Ему, как всем в дивизии, было известно, что и боевыми делами Николаевский гордился меньше, чем хозяйственными удачами. Люди у майора ели лучше, нежели в других частях; его личный быт, даже в непосредственной близости к переднему краю, мало чем отличался от жизни в тылу. Впрочем, это был тот особый, очень опрятный быт, в котором известное изобилие сочеталось с казарменной простотой.
— Узнаю бывалого солдата… Умеет жить на войне, — сказал командарм, когда все сели.
— Прошу отведать капусты… Собственного приготовления, — прохрипел Николаевский, разливая водку.
— Да и то сказать, — продолжал командующий, — воюем мы еще недолго, собственно, начинаем воевать. Стало быть, и устраиваться на войне надо не на один год…
Он говорил неторопливо, как все люди, привыкшие к тому, что их выслушивают до конца.
— Заехал я тут недавно к одному командиру… Стали укладываться на ночь, — смотрю, мой хозяин, как был в валенках, в ремнях, повалился на лавку, вещевой мешок под голову сует. «Ты и дома так?» — спрашиваю…
Генерал умолк, старательно, по-стариковски разжевывая пищу; Николаевский вежливо ожидал, когда гость сможет продолжать.

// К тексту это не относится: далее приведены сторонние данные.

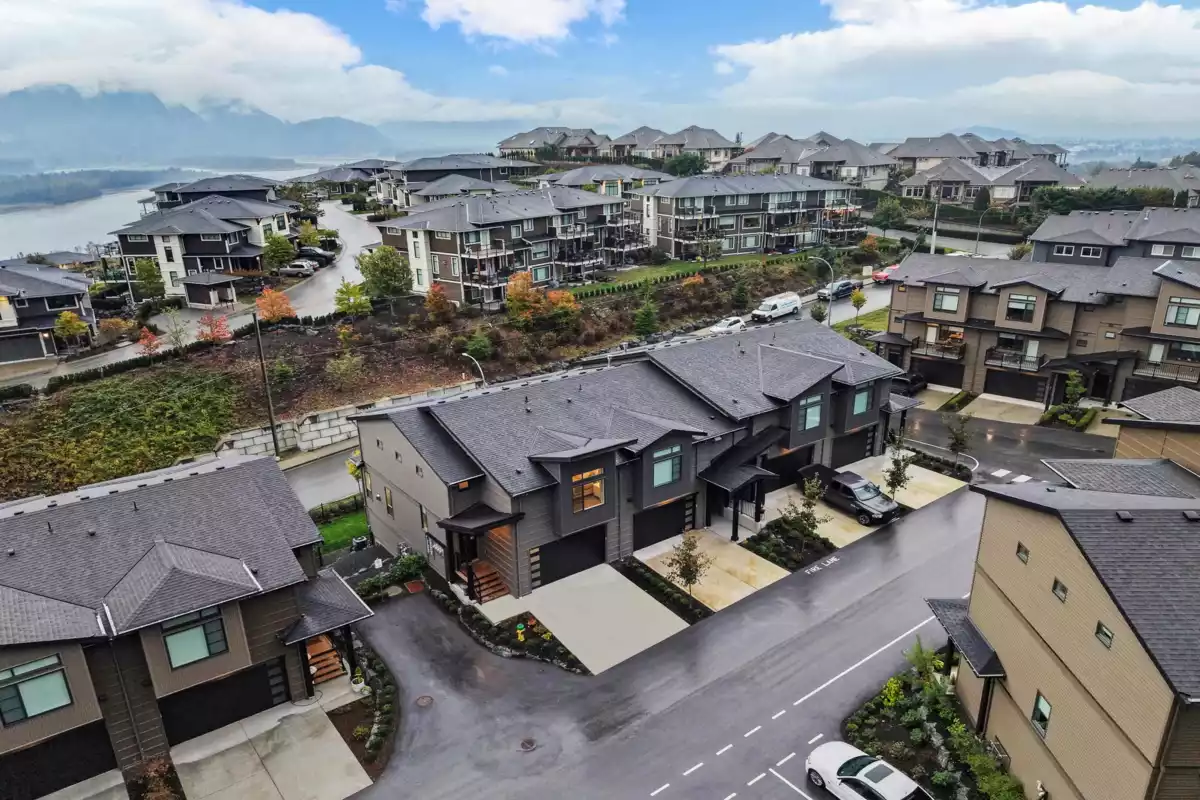 Welcome to Eagles Perch on Chilliwack Mountain! This immaculate corner unit shows like new and offers over 2,022 sqft. of bright, modern living surrounded by nature and mountain views. The spacious main floor features an open-concept layout with a cozy fireplace, stylish kitchen with a walk-in pantry, and tons of natural light. Upstairs offers three generously sized bedrooms, heigh ceilings in the spacious primary with a spa like ensuite, a laundry room, and a bonus nook for a desk or reading area. The basement incl. a large rec room, extra storage, and access to the private fenced yard. With a double garage, extra parking, and A/C, this home feels like a single-family home - without the maintenance! Enjoy mountain living just minutes from Hwy 1, shopping, parks, and trails. Call today!

— «Нет, — отвечает, — дома я раздеваюсь…» — «Ну, а здесь ты разве не дома?» — говорю. И добро бы условия ему не позволяли. А то сидит во втором эшелоне.
— На временном положении себя чувствует, — сказал Николаевский.
— Вот именно… Как на вокзале… — Генерал громко засмеялся, переводя взгляд с Богданова на Николаевского, но его не поддержали.
Майор почтительно, ненатурально улыбнулся; комдив, чертивший что-то на скатерти черенком ножа, казалось, не слышал последних слов командующего.
— Как на вокзале, — повторил генерал сквозь смех. — Какой же это солдат?.. Тот и на ночлег устроится с удобствами, и картошку на угольках испечет так, что позавидуешь, и окоп отроет со вкусом. Он обжился на войне… В этом вся суть. На марше он не сотрет ног, в бою по звуку определит калибр пулемета. А с таким солдатом ничего не страшно.
— Так точно!.. — сказал Николаевский.
Вошел вестовой, неся большое блюдо жареного мяса. Майор взял графин, чтобы налить по второй рюмке, но командующий отказался, сославшись на запрещение врачей.
— …Убери, майор, водку подальше, а то, пожалуй, не выдержу, — проговорил он шутливо.
— Слушаю, товарищ генерал-лейтенант, — не в тон, как на службе, ответил Николаевский, отставив графин.
Богданов тоже не стал пить. Ел он, впрочем, много, потому что проголодался за день, но больше молчал. В конце ужина его вызвали к телефону, и, переговорив, полковник вернулся к столу, глядя на часы.
— Славный у тебя комбат Горбунов, — проговорил вдруг командующий, обращаясь к Николаевскому. — Умный офицер…
— Орел! — подтвердил с неожиданной горячностью майор.
— Превосходный офицер! — оживившись, сказал Богданов.
— Лучший у меня командир, — добавил Николаевский.
Получив возможность говорить о Горбунове, они высказывали в похвалах свои опасения за него. И хотя никто не упоминал больше о предстоящем наступлении, забыть о нем, видимо, не удавалось никому. Вокруг в сырой апрельской тьме двигались, шли в разведку, окапывались, группировались, выполняя полученные приказы, десятки тысяч людей, составлявших армию. Здесь, в небольшой комнате, было спокойно, чисто, светло. Даже ночь выдалась на редкость тихая, — орудийная перестрелка где-то на правом фланге дивизии почти не доносилась сюда. Однако сознание ответственности за принятые решения не покидало троих командиров. То, что испытывал Богданов, нельзя было назвать колебанием, но после ухода Горбунова полковник заметно помрачнел.